Show the lines below where "people" occurs.

────────────────────────────────────────

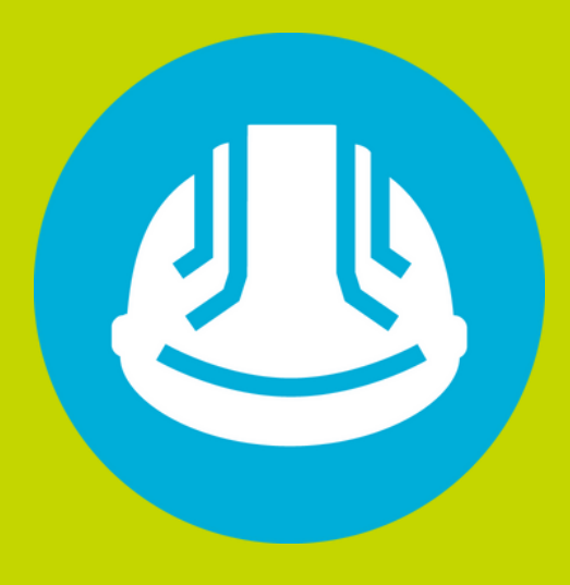
20 Home Repair Completions
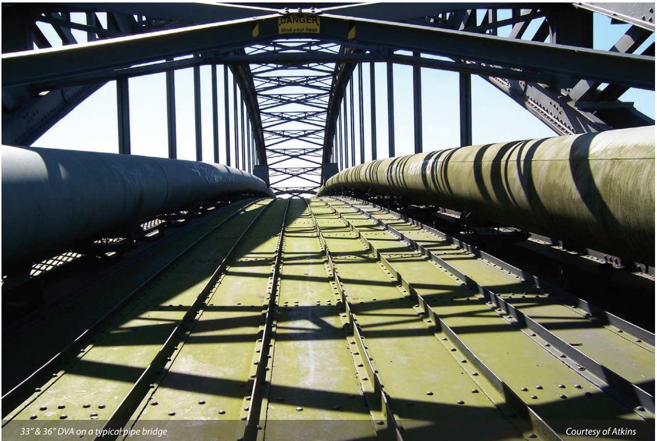
33" & 36" DVA on a typical pipe bridge

The Derwent Valley aqueduct (DVA) is a spectacular piece of Victorian/Edwardian engineering, and is one of Severn Trent Water's (STW) most important assets, forming part of its strategic water grid. Treated water flows by gravity alone, and the aqueduct conveys 200MI/d of drinking water from Bamford Water Treatment Works (WTW) in North Derbyshire to Hallgates Service Reservoir near Leicester, serving more than 590,000 customers in Nottinghamshire, Derbyshire and Leicestershire. The aqueduct consists of 180km of large diameter pipeline (cast iron and steel pipes), 16km in 6 (No.) sections of single 6' 3" diameter tunnel. It includes 1,000 (No.) valves, 14 (No.) bridges and culverts, and 307 (No.) other structures and chambers.
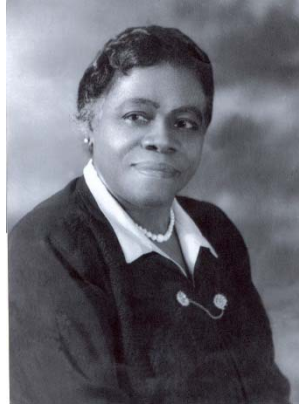
Dr. Mary McLeod Bethune (1875-1955) Founder and President (1904-1942; 1946-1947)
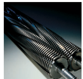
unaffected by staples and metal clips
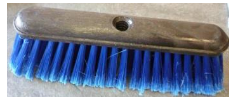
12" Upright Broom
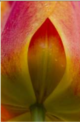
Herman Ouwersloot Rain on Tulip score 22
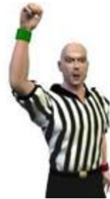
15. Stalling Left/Right Hand
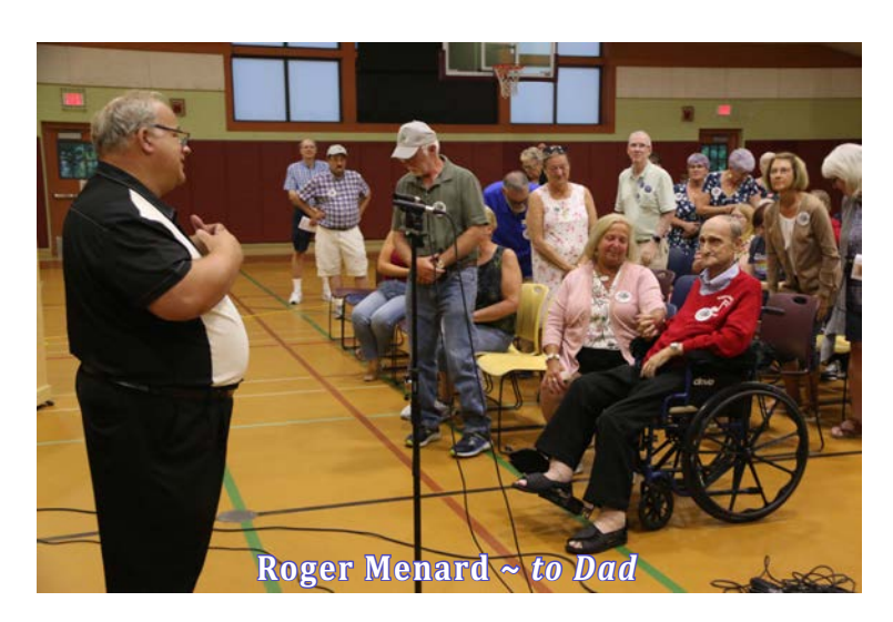
It was ... a special night.
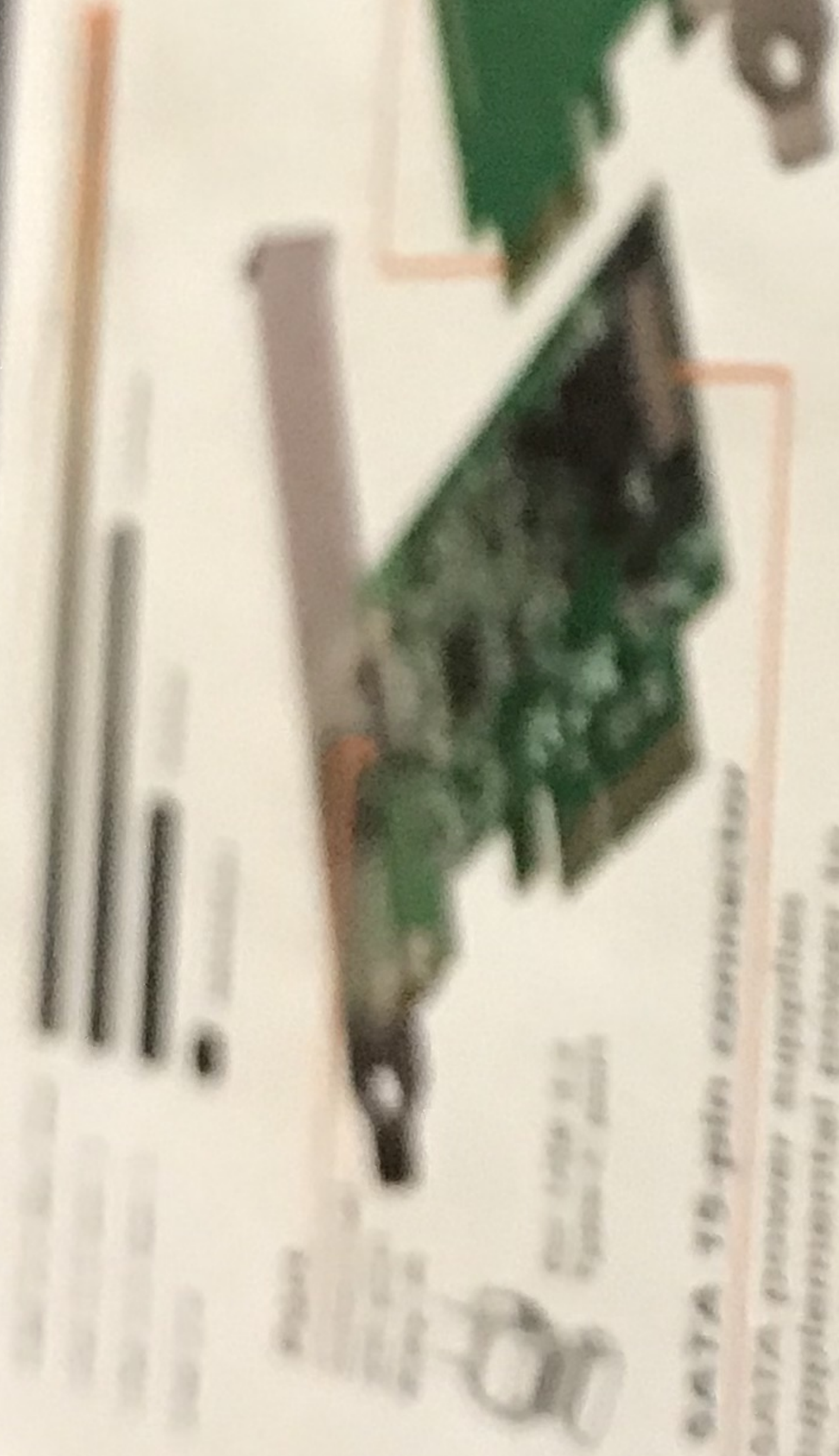
SATA 15-pin connector SATA power supplies supplemental power to the internal 20-pin Key-A port
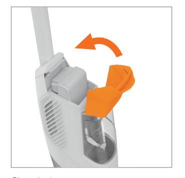
Close the battery cover.
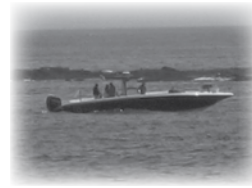
G. W. Bush, Sr. boating at Kennebunkport
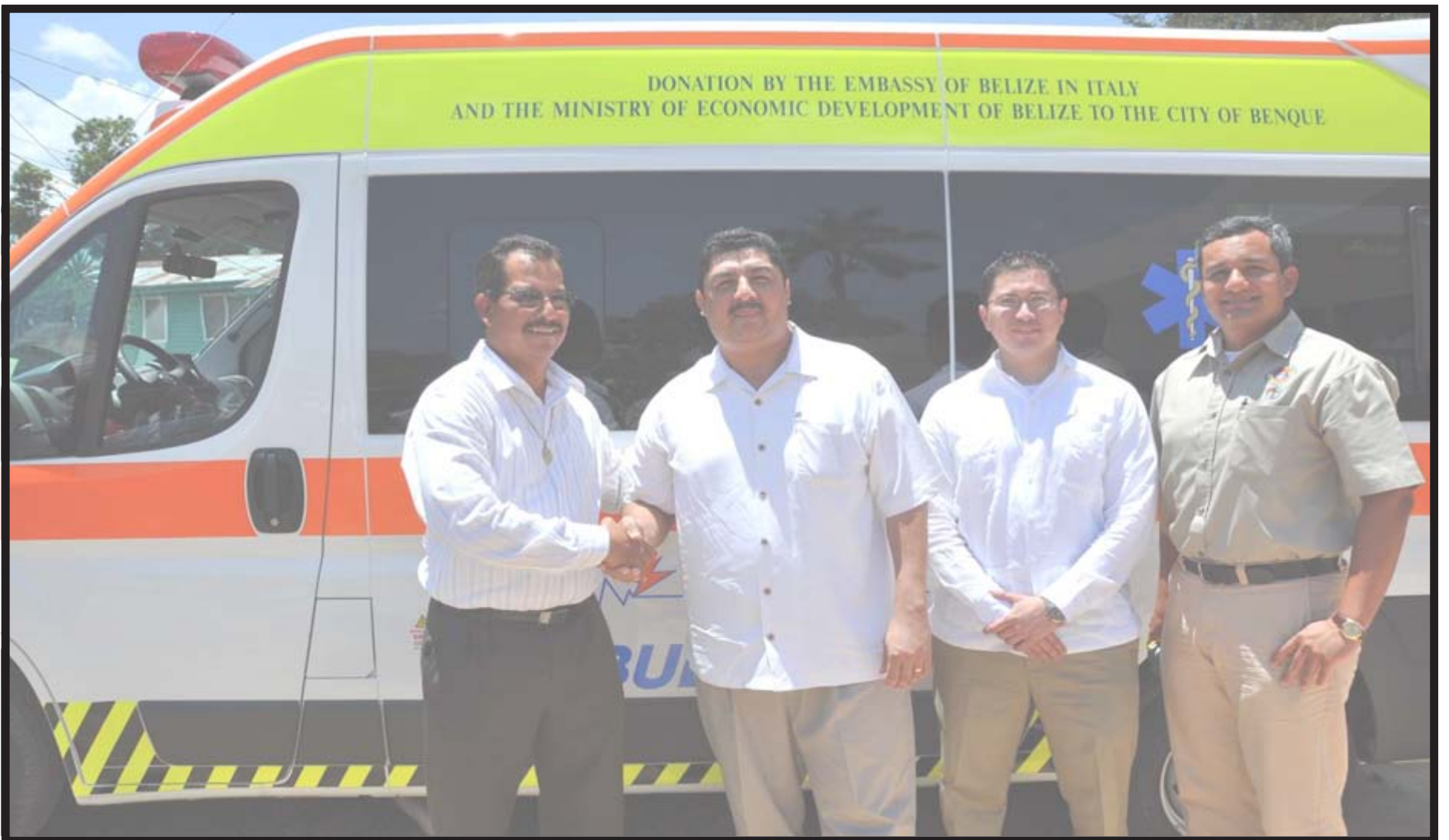
New Ambulance to serve the area
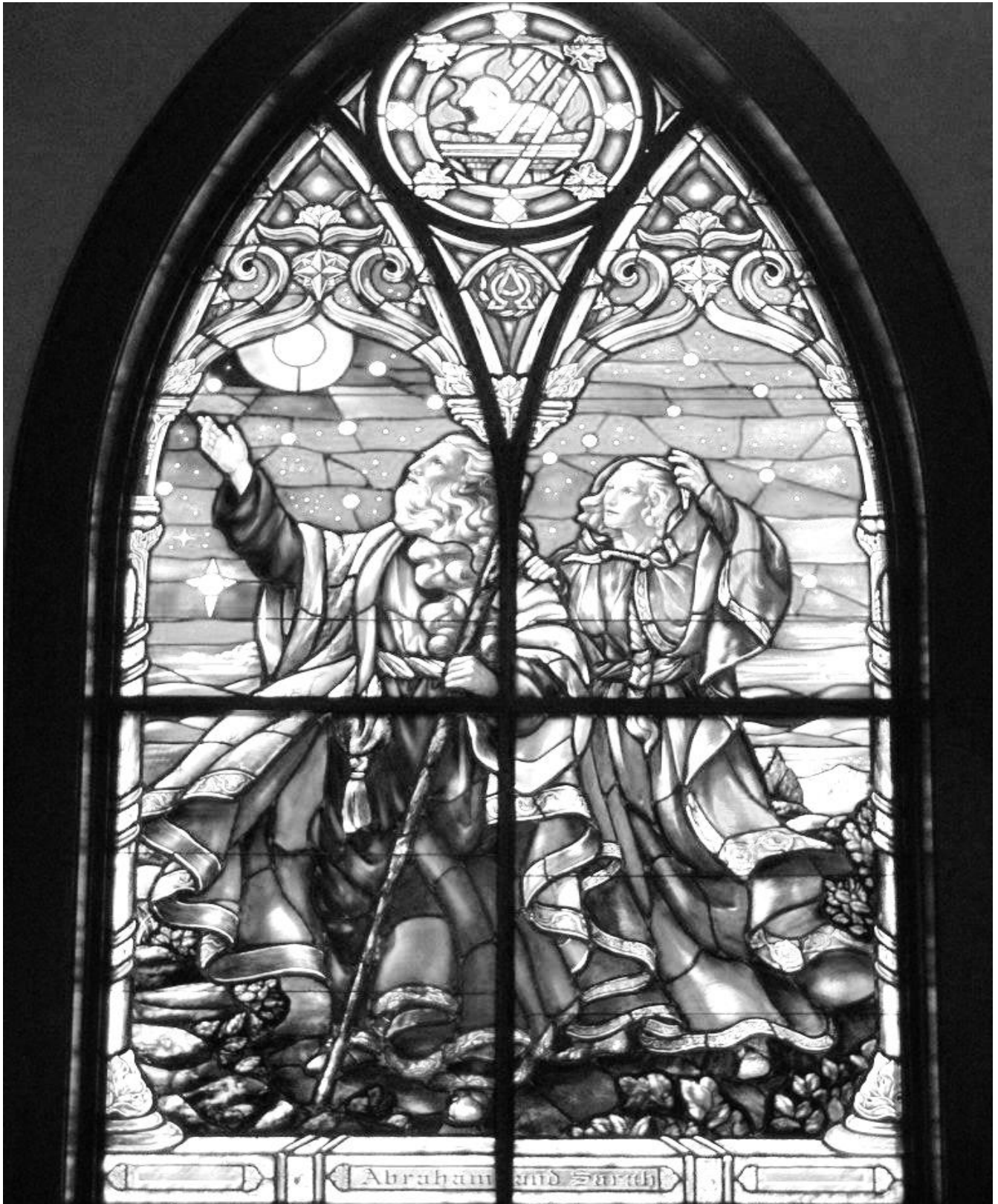
St. Hilary's Church, Wallasey
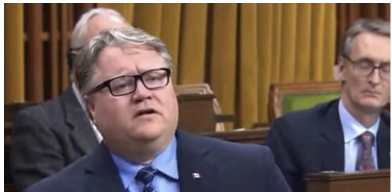
Conservative MP Richard Bragdon (Tobique—Mactaquac, NB) stunned the House of Commons on February 13, 2023.

"Let us bring hope and life. Let us not encourage death or a culture of death but foster a culture of hope and life for those who most desperately need it," he concluded. Bravo to Bragdon for so eloquently capturing the essence of this issue. The entire assisted death regime (MAiD) is about leaving people behind instead of being present to them, shunning them instead of building relationships with them, and finally, killing them instead of caring for them. The only way to reverse course is for each one of us, personally, to begin to build meaningful relationships with the sick and the elderly in our communities, giving them a reason to hope and to live. The culture of death can only expand in a culture of abandonment. So, let us be present to those around us. Let us build meaningful relationships. And, let us not hide our light under a bushel basket.
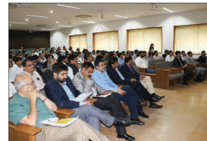
Participants during the Conference
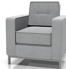
Manhattan Lounge Chair UMHT-CHR 35W X 35D X 32H
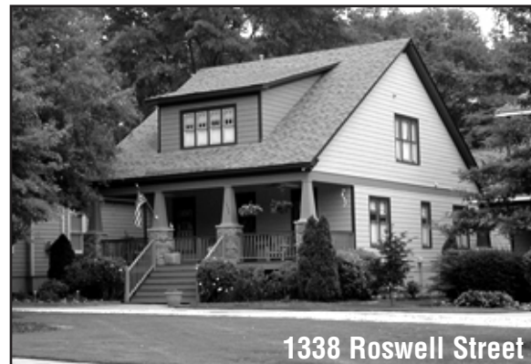
1338 Roswell Street

Such carefully selected, highly personal color schemes are a real benefit to the neighborhood. Aside from simply looking good, they convey the feeling that these homes are really loved by the people who live in them.
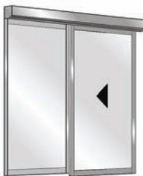
1-leaf sliding door with fixed leaf
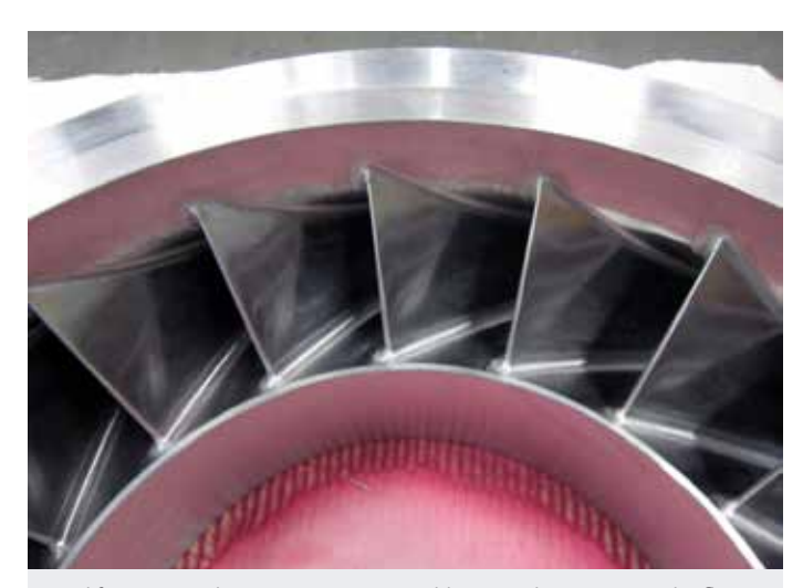
Modifications to the vane geometry would ensure the optimum inlet flow angle which would also improve the mass flow rate (MFR).

────────────────────────────────────────

-- Solution to the exercise --
"Let us bring hope and life. Let us not encourage death or a culture of death but foster a culture of hope and life for those who most desperately need it," he concluded. Bravo to Bragdon for so eloquently capturing the essence of this issue. The entire assisted death regime (MAiD) is about leaving people behind instead of being present to them, shunning them instead of building relationships with them, and finally, killing them instead of caring for them. The only way to reverse course is for each one of us, personally, to begin to build meaningful relationships with the sick and the elderly in our communities, giving them a reason to hope and to live. The culture of death can only expand in a culture of abandonment. So, let us be present to those around us. Let us build meaningful relationships. And, let us not hide our light under a bushel basket.
Such carefully selected, highly personal color schemes are a real benefit to the neighborhood. Aside from simply looking good, they convey the feeling that these homes are really loved by the people who live in them.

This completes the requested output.